Marsha and I were having breakfast the other day when she raised an interesting question. I had just shared with her an article about how Amazon was implementing a marketing strategy in India that, if successful, would displace millions of small Indian retailers. Her response was simple, but it bowled me off my feet: “Why? Why do they want to do that? Don’t they have enough? Do they ever stop to consider the impact of what they’re doing?”
The story was not materially different from how Amazon has displaced countless small retailers across the globe. Indeed, shopping malls in the United States have shrunk by 30% on account of the influence of Amazon. I chose to read Marsha the article because Amazon is a giant economic force in our region and what benefits Amazon benefits the economy in the Pacific Northwest.
But Marsha’s question would not let me go. I kept thinking about the potential negative impact on the lives of millions of people and the resultant ethical stain left upon Amazon. Why displace millions of small, locally-owned businesses with one ginormous multi-national? I’ve been to India twice in the last three years and I’ve seen the vitality in the local economies of Mumbai, neighborhood by neighborhood. Will Amazon’s plans make things better for people there? I’m skeptical.
The question “Why” quickly expands to “Why do any of us act without regard to how we might be impacting others? Why do I? When do I have enough?”
Bruce Weinstein, author of Ethical Intelligence argues, “Being ethically intelligent doesn’t just mean knowing what is right; it also means:
- Do No Harm
- Make Things Better
- Respect Others
- Be Fair
- Be Loving”
Ethical intelligence may be the most practical form of intelligence there is — and the most valuable.”
When I actually use my ethical Intelligence it’s amazing to me how much light it throws on any issue. We have seen in our own time, with our own leaders, an ethical degradation of shocking proportions.

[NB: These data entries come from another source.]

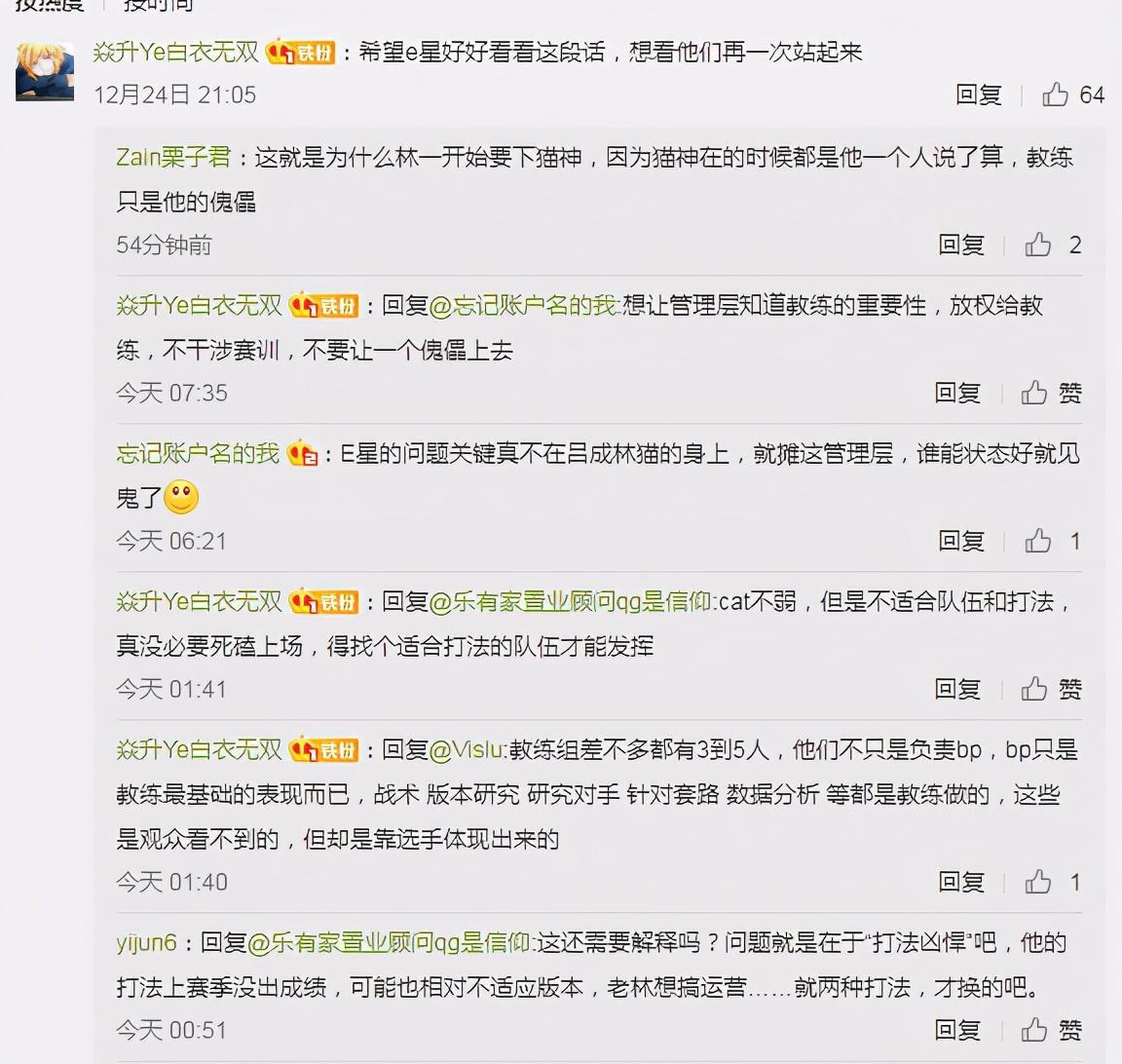 网友:e星不还是靠一个傀儡教练拿到了两个冠军?说明什么,谁的指挥,谁的bp,知道那五个人的实力了吧!estar不仅仅是教练问题了,e星整个俱乐部都有问题……希望t将军关了lpl后能好起来吧!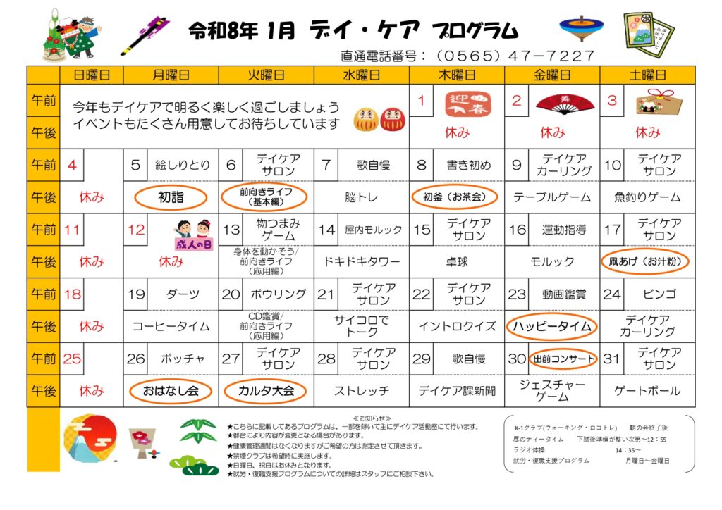 2026年1月のデイ・ケアとデイ・ナイト・ケアプログラム表が出来ました。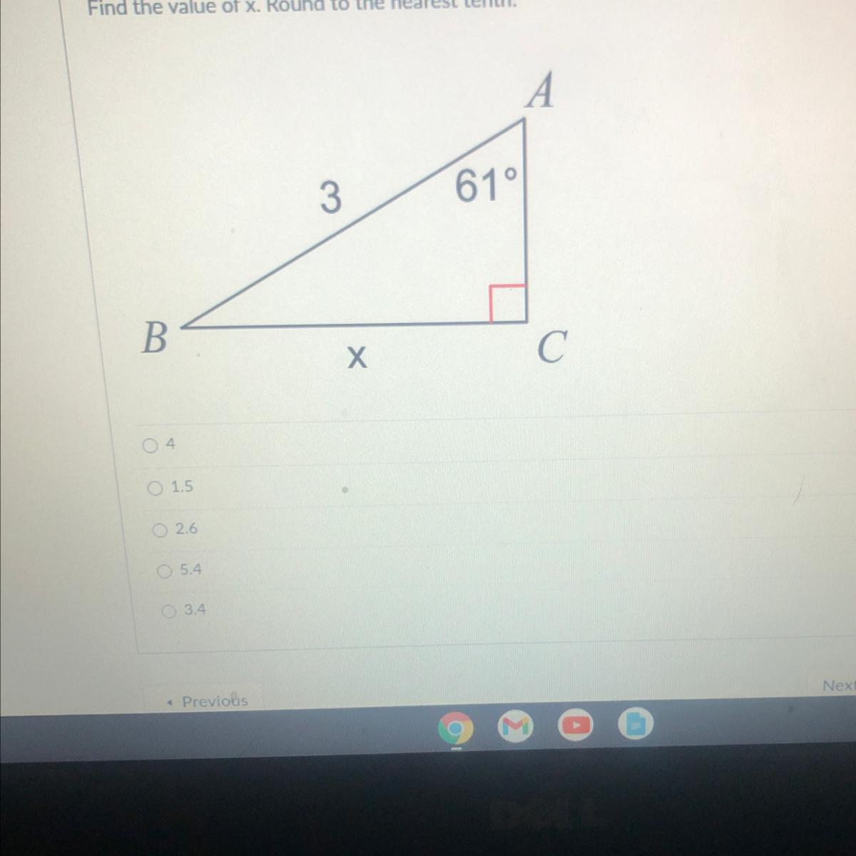 side FE = 5 is the side opposite the reference angle (since its the leg furthest away from angle D)

It was remarkable to hear Marianne Williamson use her ethical intelligence in the recent Democratic debate when she observed,
“This is part of the dark underbelly of American society: the racism, the bigotry and the entire conversation that we’re having here tonight. If you think any of this wonkiness is going to deal with this dark psychic force of the collectivized hatred that this president is bringing up in this country, then I’m afraid that the Democrats are going to see some very dark days.”
This blog is not a forum for politics, and yet I cannot claim to have ethical intelligence without calling out the hatred that is being stoked every day by the president of my country, and the impact it is having not only here, but throughout the world.
Quoting Abraham Lincoln, I invite us to listen to “the better angels of our nature,” and act from our best ethical intelligence.